Mid Week Mt Baldy Fail

The track is well trod, and easy to follow right from the Holdsworth Lodge.

It seems only fitting that I follow up my last post about a failed attempt to find a plane crash with another failed attempt. Well this trip wasn’t a complete fail, but it wasn’t a success. You see I’ve walked the Barton Track to and from Atiwhakatu Stream to Mitre Flats Hut a number of times. I’ve never walked up to Baldy, and I’ve never walked Pinnacle Ridge. With the recent snow dump on the Tararua’s, I figured what better time to do it and began planning a Baldy to Tarn Ridge Hut trip. The only problem is that the Niwa Parks Weather forecast is predicting 150km winds for Saturday, not exactly the best weather for crossing alpine tops on fresh snow.

That’s where I’m heading, that top right snowy ridge.
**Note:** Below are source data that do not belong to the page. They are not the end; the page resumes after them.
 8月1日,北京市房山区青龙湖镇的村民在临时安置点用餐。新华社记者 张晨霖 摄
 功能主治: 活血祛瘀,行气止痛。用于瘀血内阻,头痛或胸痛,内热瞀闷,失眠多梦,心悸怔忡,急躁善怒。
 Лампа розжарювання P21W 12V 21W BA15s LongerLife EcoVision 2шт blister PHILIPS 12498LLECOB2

That’s Baldy.
Looking back down at Donnelly Flats just as the Pinnacle Ridge track starts to get steep.
A had to come up with a Plan B. On Wednesdays, I start work at 4 am so I can be online with my American colleagues all day. This means that I normally finish just after 12 noon. It couldn’t hurt to knock off at 11 am and head over to Holdsworth Lodge and do a quick day trip to the Mt Baldy Snowline, heck if I had time I could try and get to the Baldy Summit! Not only would I tick Baldy off but I’d get to tick off Pinnacle Ridge at the same time. Well, best intentions right.
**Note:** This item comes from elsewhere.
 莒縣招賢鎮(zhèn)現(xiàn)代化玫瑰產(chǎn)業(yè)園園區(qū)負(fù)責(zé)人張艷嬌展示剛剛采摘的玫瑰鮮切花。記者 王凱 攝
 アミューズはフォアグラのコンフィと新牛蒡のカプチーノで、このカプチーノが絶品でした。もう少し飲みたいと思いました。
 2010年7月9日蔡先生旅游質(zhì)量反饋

It’s some beautiful bush that’s for sure.
So I didn’t leave work at 11, it was more like 11:20. Then I had to drop a parcel off at the local Post Shop. By the time I hit the State Highway, it was 11:40, things weren’t exactly falling into place. I pulled up at the Holdsworth car park just after 1 pm and proceeded to throw way too much gear in my pack. After spraining my ankle on my Neil Forks trip recently, I’ve started packing enough food and clothing n my day trips to stay the night in the bush comfortably. At 1:30 pm I left the car and begun passing dog owners who had no respect for just how nasty 1080 can be. Muzzle-less and off-leash dogs were all over the place, ignoring the DOC signs outlining the danger 1080 poses to dogs.
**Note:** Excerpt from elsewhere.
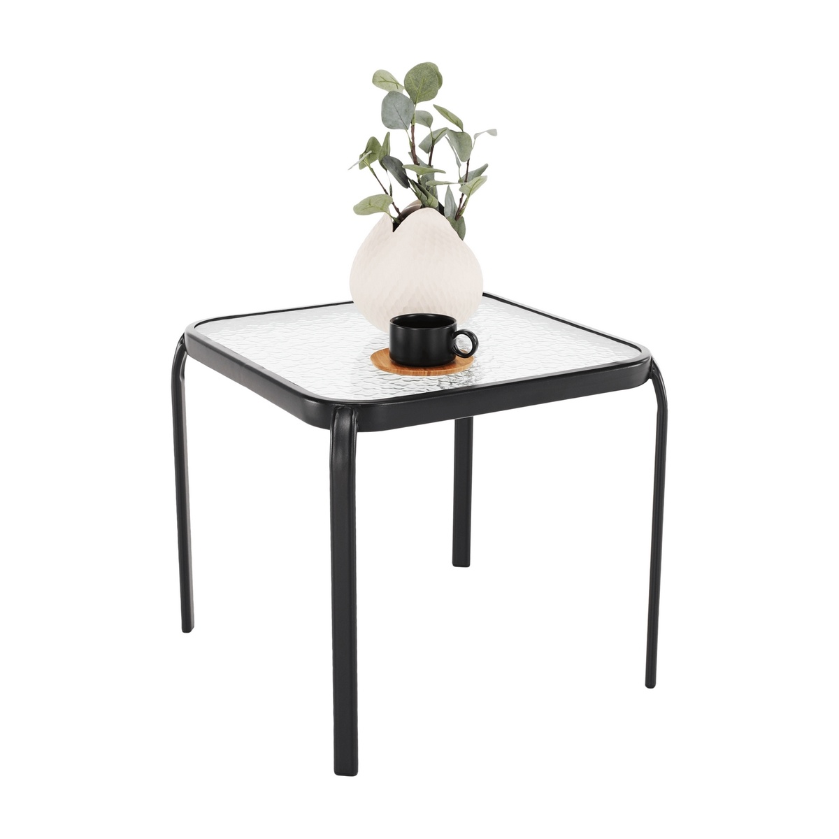 Minimalistický a praktický – přesně takový je čtvercový příruční stolek RAMOL, který se ideálně hodí na balkon, terasu nebo zahradu. Kombinace černé ocelové konstrukce a tvrzeného skla působí moderně a zároveň zajišťuje dlouhou životnost i při venkovním použití.Horní deska z odolného skla s jemnou texturou je snadno omyvatelná a nabízí dostatek prostoru pro drobné občerstvení, nápoje nebo dekorace. Stolek je lehký, a tak se snadno přenáší i skladuje.Hlavní výhody produktu: stabilní konstrukce z oceli tvrzené sklo s moderní texturou ideální doplněk k zahradnímu posezení lehký a snadno přemístitelný vhodný do exteriéruParametry a specifikace: materiál: tvrzené sklo / ocel barva: černá rozměry (š x h v): 50 x 50 x 46 cm styl: moderní, zahradní dodáváno v demontu

And then the snow appeared.
At the bridge over the Atiwhakatu Stream, I hung a right and began heading up true river left. The Pinnacle Ridge track was once a DOC maintained track but now it is just a route, its also a well-used bait line and popular entrance point with locals in the know. It follows the stream’s edge until its opposite Donnelly Flats and then it climbs straight up to Pinnacle at •877. The first 200 or so vertical meters are a real slog but it then mellows a little. Snow started to show up on the ground from about 650m and began to slow down my pace, rocks, and roots were obscured and the thin layer of snow meant that missteps and slips were more frequent than usual. This would be a theme for the afternoon. Pinnacle’s peak was more than I was expecting, it breaks the bush line (barely) and was sporting a fresh dump of snow about 20cm deep, deep enough to swallow my boots. A few cairns head off, pointing the way for my route over •862 and then •846. After that, it’s a straight shot to the intersection with the Barton and Mt Baldy Tracks.
And then Mitre Peak appeared!
The track to Baldy (far left) capturing a few rays of light, beaconing me, you might say.
The track is pretty easy to follow most of the way but as the ridge flattens out near the end, you need to pay attention, the snow everywhere didn’t exactly help. If you follow your nose and look for tape and faded permolat markers, a map check is rarely needed. By the time I reached the end of the ridge just under four hours had passed since I left the car, I thought I’d be here sooner but the slippery conditions most definitely slowed me down a little. It was 5:30 pm and after snacking on a One Square Meal I headed off towards the Baldy bush line. The sign said it would take one hour, after heading up for 25 minutes and making okay progress I made a quick calculation to see roughly what time I’d be getting home if I pushed onto the bush line. The higher I was getting, the more snow there was on the ground, it wasn’t bad climbing but was definitely going to make descending spicey, especially as it was now dark. I wanted to make the bush line so bad, but I figured pushing on for another half an hour was going to mean I wouldn’t be home sleeping in my bed till 1 am. Given the fact that I start work at 5:30 am (getting up at 4:50 am), I decided to turn round and begin the trip back to the car via the Atiwhakatu Stream. The walk from the swingbridge to the hut is always painful, a couple of large slips send the track straight up for a few soul-crushing minutes but when you reach Atiwhakatu Hut you know you are just under two hours from the car via the high-speed highway. I got back to the car just before 10 pm and dropped into my bed at midnight.
From •877, the track along the ridge undulates a little, but it’s not bad and is way more exciting than the valley highway below.
But if you fancy the highway you could always follow this track down. How’s the drop shadow on the sign? So good eh.
Did I mention it’s pretty in here?
At first I thought pushing on to the bush line was a smart idea, half an hour later, common sense prevailed.